Effects of hydraulic retention time on anaerobic hydrogenation performance and microbial ecology of bioreactors fed with glucose–peptone and starch–peptone

This study evaluated anaerobic hydrogenation performance and microbial ecology in bioreactors operated at different hydraulic retention time (HRT) conditions and fed with glucose–peptone (GP) and starch–peptone (SP). The maximum hydrogen production rates for GP- and SP-fed bioreactors were found to be 1247 and 412 mmol-H2/L/d at HRT of 2 and 3 h, respectively. At HRT > 8 h, hydrogen consumption due to peptone fermentation could occur and thus reduced hydrogen yield from carbohydrate fermentation. Results of cloning/sequencing and denaturant gradient gel electrophoresis (DGGE) indicated that Clostridium sporogenes and Clostridium celerecrescens were dominant hydrogen-producing bacteria in the GP-fed bioreactor, presumably due to their capability on protein hydrolysis.
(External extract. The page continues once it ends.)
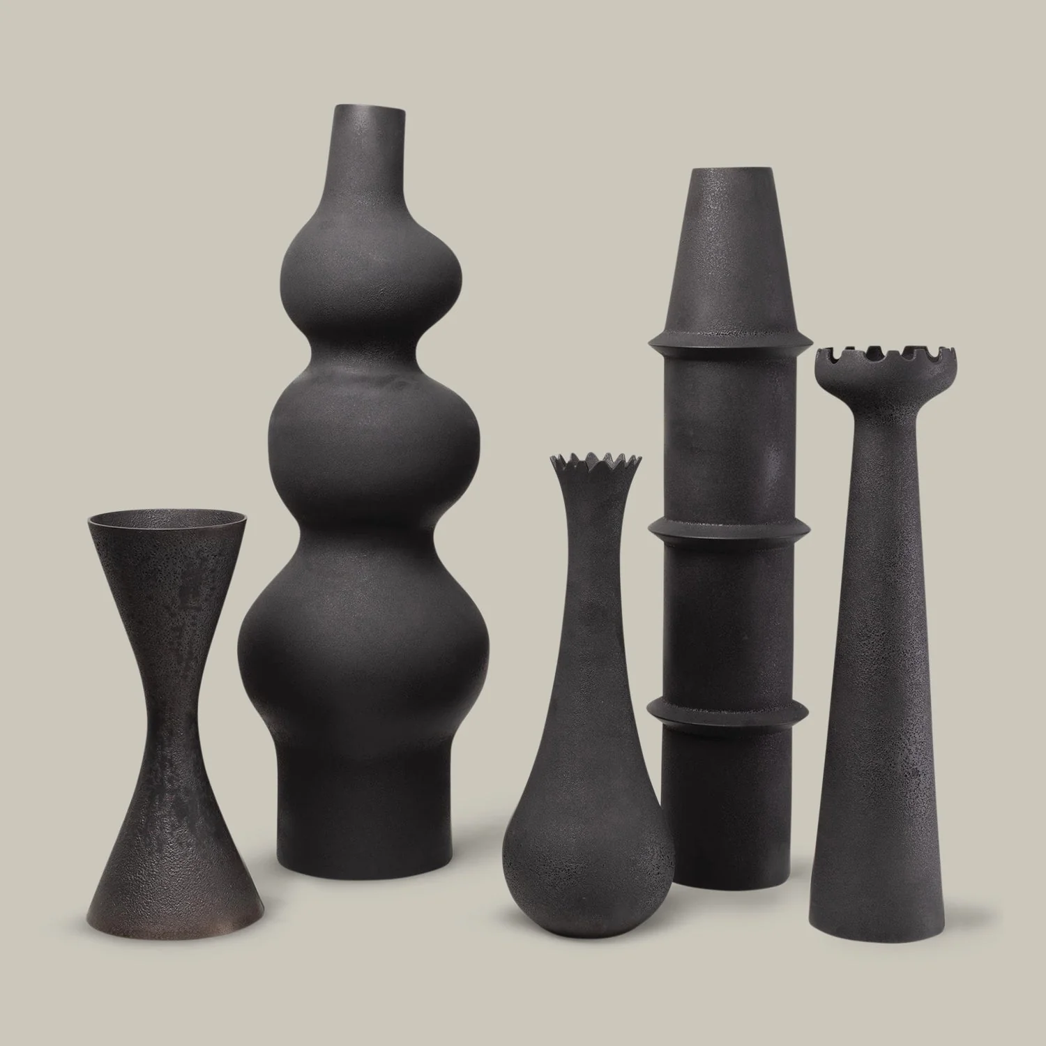The Overscale Vases in Black combine scale and organic form for decorative drama. The Panisse vase with its tall cylindrical form, adds drama to any space. Whether alone or in a grouping, these vases are the perfect graphic elements to complement any decor. Listed from left to right as shown in the last image: Deoune Vase, Pasteur Vase, Fenouil Vase, Panisse Vase, and Muguet Vase.

In the SP-fed bioreactor, Lactobacillus plantarum, Propionispira arboris, and Clostridium butyricum were found to be dominant populations, but the presence of P. arboris at HRT > 3 h might be responsible for a lower hydrogen yield from starch fermentation. As a result, optimizing HRT operation for bioreactors was considered an important asset in order to minimize hydrogen-consuming activities and thus maximize net hydrogen production. The limitation of simple parameters such as butyrate to acetate ratio (B/A ratio) in predicting hydrogen production was recognized in this study for bioreactors fed with multiple substrates. It is suggested that microbial ecology analysis, in addition to chemical analysis, should be performed when complex substrates and mixed cultures are used in hydrogen-producing bioreactors.